RandomForestRegressor(max_features='sqrt', random_state=11)
predict = randomForest.predict(X=boston_test.drop(['MEDV'], axis=1))
fig, ax = plt.subplots()
ax.scatter(predict, boston_test.MEDV, label='MEDV')
ax.plot([0, 1], [0, 1], '--k', transform=plt.gca().transAxes)
ax.set_xlabel('Predict')
ax.set_ylabel('Test')
print(f"The test MSE is {mean_squared_error(boston_test.MEDV, predict)}.")
The test MSE is 13.01357290513834.
Now we try max_features $ = 6$.
randomForest = RandomForestRegressor(max_features=6, random_state=1)
randomForest.fit(X=X, y=y)
RandomForestRegressor(max_features=6, random_state=1)In a Jupyter environment, please rerun this cell to show the HTML representation or trust the notebook.
RandomForestRegressor(max_features=6, random_state=1)
predict = randomForest.predict(X=boston_test.drop(['MEDV'], axis=1))
fig, ax = plt.subplots()
ax.scatter(predict, boston_test.MEDV, label='MEDV')
ax.plot([0, 1], [0, 1], '--k', transform=plt.gca().transAxes)
ax.set_xlabel('Predict')
ax.set_ylabel('Test')
print(f"The test MSE is {mean_squared_error(boston_test.MEDV,predict)}.")

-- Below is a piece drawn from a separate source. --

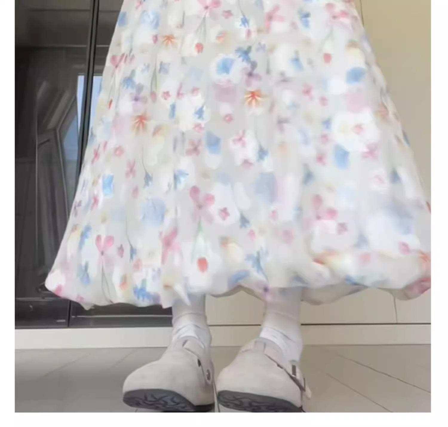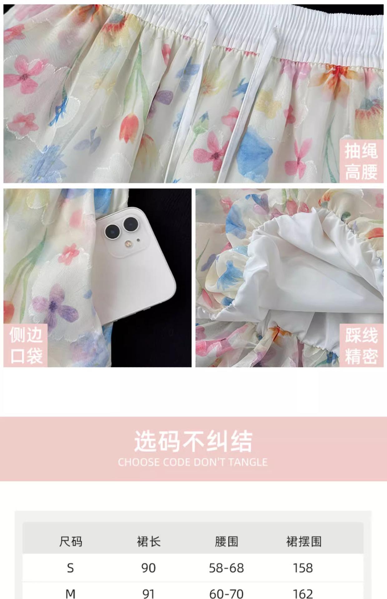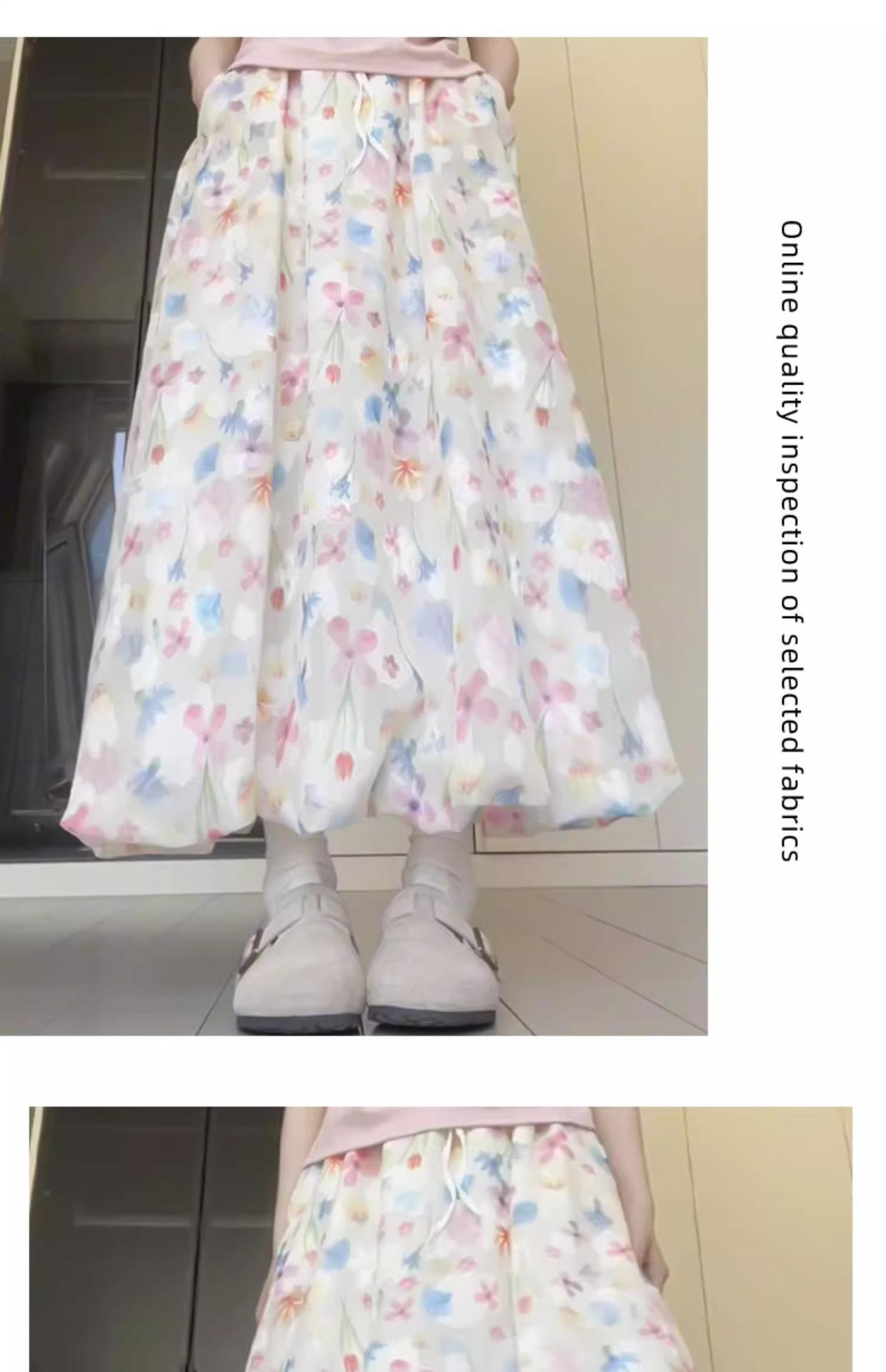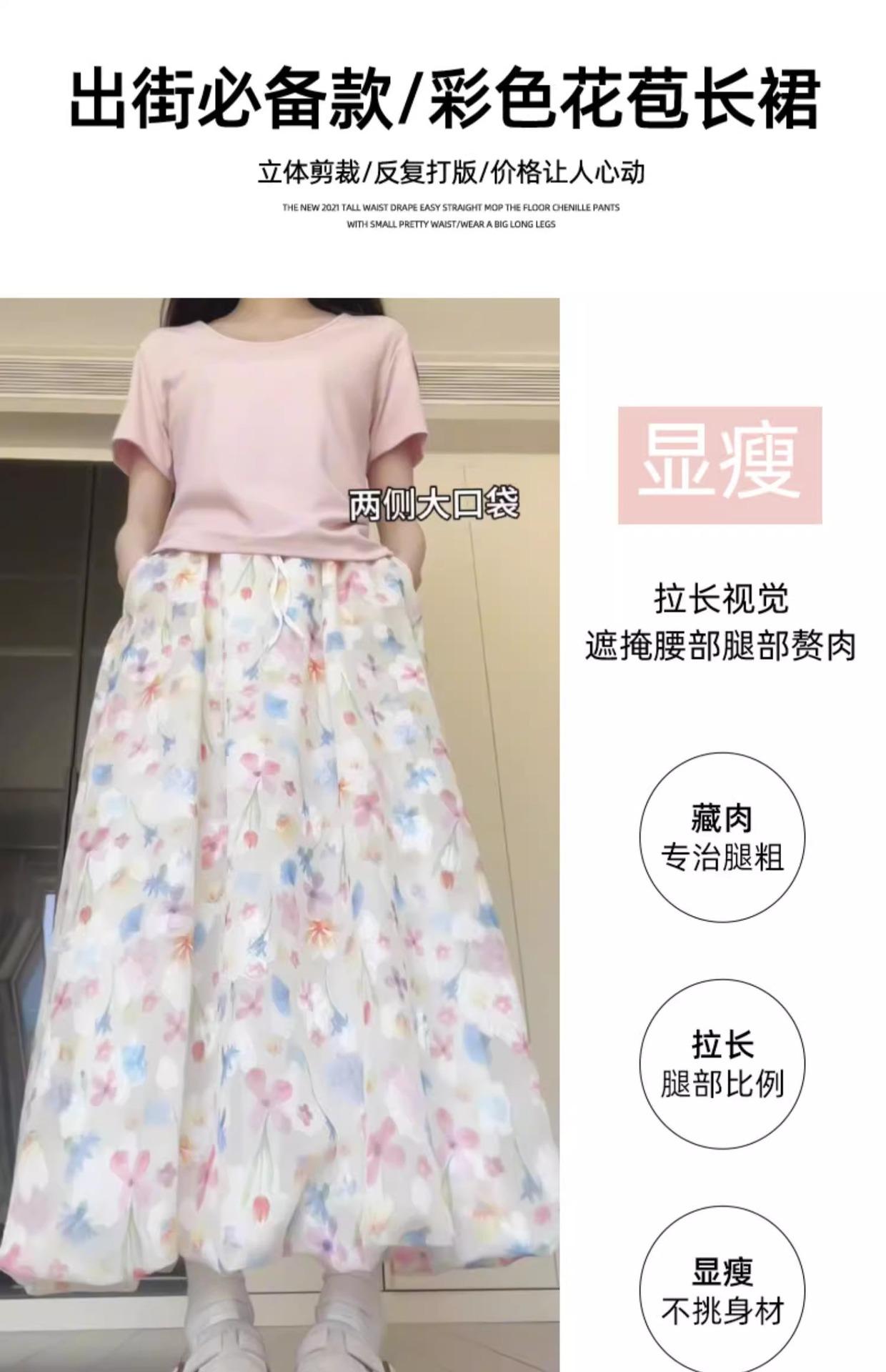 Falda Floral Colorida para Mujer Verano Nueva Cintura Alta Adelgazante Falda A- Line Estilo Coreano Estilo Suave Seda de Hielo Falda Larga de Capullo

The test MSE is 11.246821798418969.
We can view the importance of each variable.
Importance = pd.DataFrame({'Importance':randomForest.feature_importances_*100}, index=X.columns)
Importance.sort_values('Importance', axis=0, ascending=True).plot(kind='barh', color='r', )
plt.xlabel('Variable Importance')
plt.gca().legend_ = None
RM: average number of rooms per dwelling.
CHAS: Charles River dummy variable (= 1 if tract bounds river; 0 otherwise).